531,850 video-instruction pairs across 8 medical sources and 8 tasks. Multi-perspective quality assurance pipeline with expert-guided prompting and dual-model validation (GPT-4.1 + Gemini-2.5-Flash).

Supervised Fine-Tuning

Fine-tuning Qwen2.5-VL-7B on MedVidBench establishes a strong baseline that outperforms GPT-4.1 and Gemini-2.5-Flash across all tasks.

Reward Normalization

Logistic normalization maps each dataset's median performance to a fixed reward value (0.5), ensuring fair optimization across heterogeneous datasets and preventing training collapse.

Medical LLM Judge

GPT-4.1-based comparative evaluation across five clinical dimensions: medical terminology, instrument/anatomy ID, specificity, clinical context, and action accuracy.

MedGRPO Pipeline

Key Innovations

Two technical contributions that enable stable multi-dataset RL training

Cross-Dataset Reward Normalization

Standard RL fails on heterogeneous medical datasets due to vastly different difficulty levels (e.g., CoPESD STG median mIoU ~0.5 vs EgoSurgery STG ~0.12). We introduce logistic normalization that maps each dataset's median performance to a fixed reward value (0.5):

rnorm(x) = 1 / (1 + exp(-k · (x - p50) / IQR))

Benefits: (1) Median fairness — equal rewards at median performance across all datasets, (2) Smooth gradients — non-zero derivatives everywhere, (3) Outlier robustness — IQR-based scaling, (4) Bounded output — compatible with GRPO group normalization.

Medical LLM Judge

Standard semantic similarity fails to capture clinical correctness. For example, "The tool grasps tissue in the upper area" vs "The grasper dissects the cystic duct in the upper right quadrant" achieve high similarity (~0.82) but differ critically in medical accuracy.

Our GPT-4.1-based judge uses comparative similarity scoring across five clinical dimensions:

  • Medical terminology precision — Clinical terms vs lay language
  • Instrument & anatomy identification — Specific tools and structures
  • Specificity vs vagueness — Precise details vs generic descriptions
  • Clinical procedure context — Workflow and safety awareness
  • Action & state accuracy — Surgical actions and tissue states

Hybrid design: Combine LLM judge (50%) with semantic similarity (50%) for robust evaluation capturing both clinical correctness and overall coherence.

MedVidBench

A comprehensive benchmark for medical video understanding

MedVidBench systematically transforms existing expert annotations—bounding boxes, procedure transcripts, action labels—into instruction-following format through a multi-perspective quality assurance pipeline with dual-model validation (GPT-4.1 + Gemini-2.5-Flash).

531,850
Video-Instruction Pairs
Large-Scale Version
51,505
Balanced Pairs
Standard Version
8
Medical Data Sources
626 unique videos
8
Task Types
3 Granularity Levels

Two versions: Large-Scale (531K samples, maximum data) for scaling experiments, and Standard (51K samples, task-balanced) for efficient multi-task learning.
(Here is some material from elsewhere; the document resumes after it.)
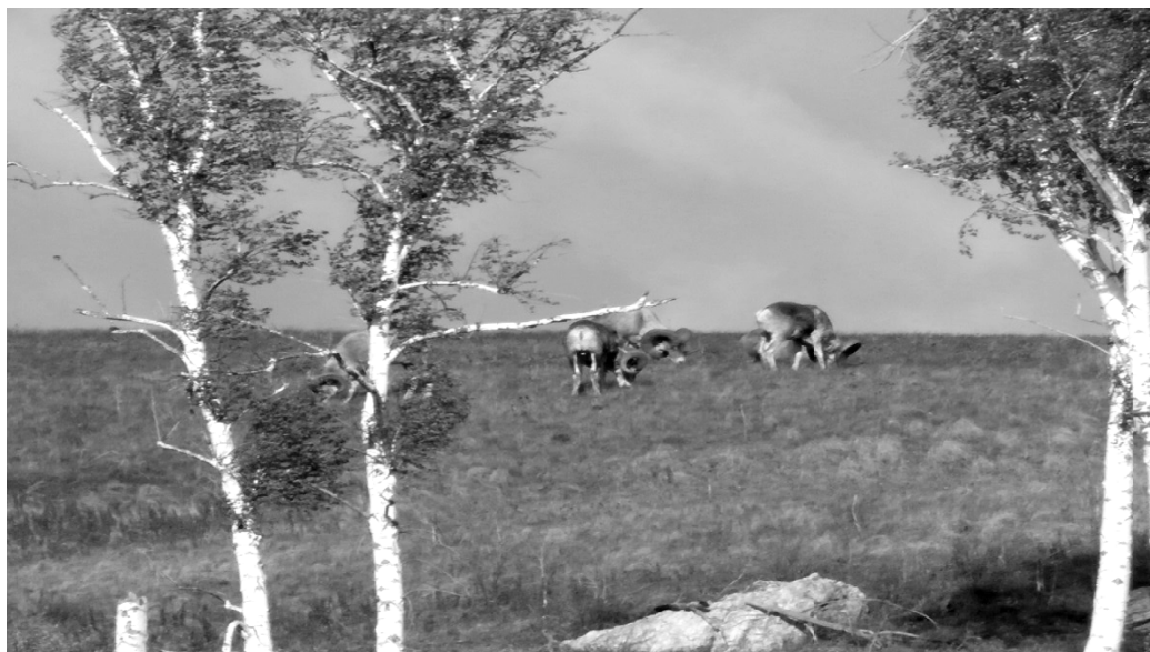
Figure 1. Arkhara at pasturage

In the summer daily activity has pronounced recurrence. Arkhars begin to be grazed early in the morning with sunrise (Fig. 1) and late at night.

Temporal Action Grounding (TAG)
Spatiotemporal Grounding (STG)
Video Summarization (VS)
Region Captioning (RC)
Dense Video Captioning (DVC)
Next Action Prediction (NAP)
Skill Assessment (SA)
Critical View of Safety (CVS)

Data Sources

CholecT50
CholecTrack20
Cholec80-CVS
CoPESD
AVOS
EgoSurgery
JIGSAWS
NurViD

Laparoscopic    Open Surgery    Robotic Surgery    Nursing

Dataset Distribution Analysis

Distribution across 532K QA instances: (Left) Answer length from 1 to 1,170 words — short answers (≤5 words, 28.1%) from temporal grounding, long answers (>20 words, 51.8%) from captioning tasks. (Middle) Video durations from 20s to 1,800s with a long-tail pattern. (Right) FPS distribution — 0.5 FPS (63.3%), 1.0 FPS (22.0%), 2.0 FPS (7.5%).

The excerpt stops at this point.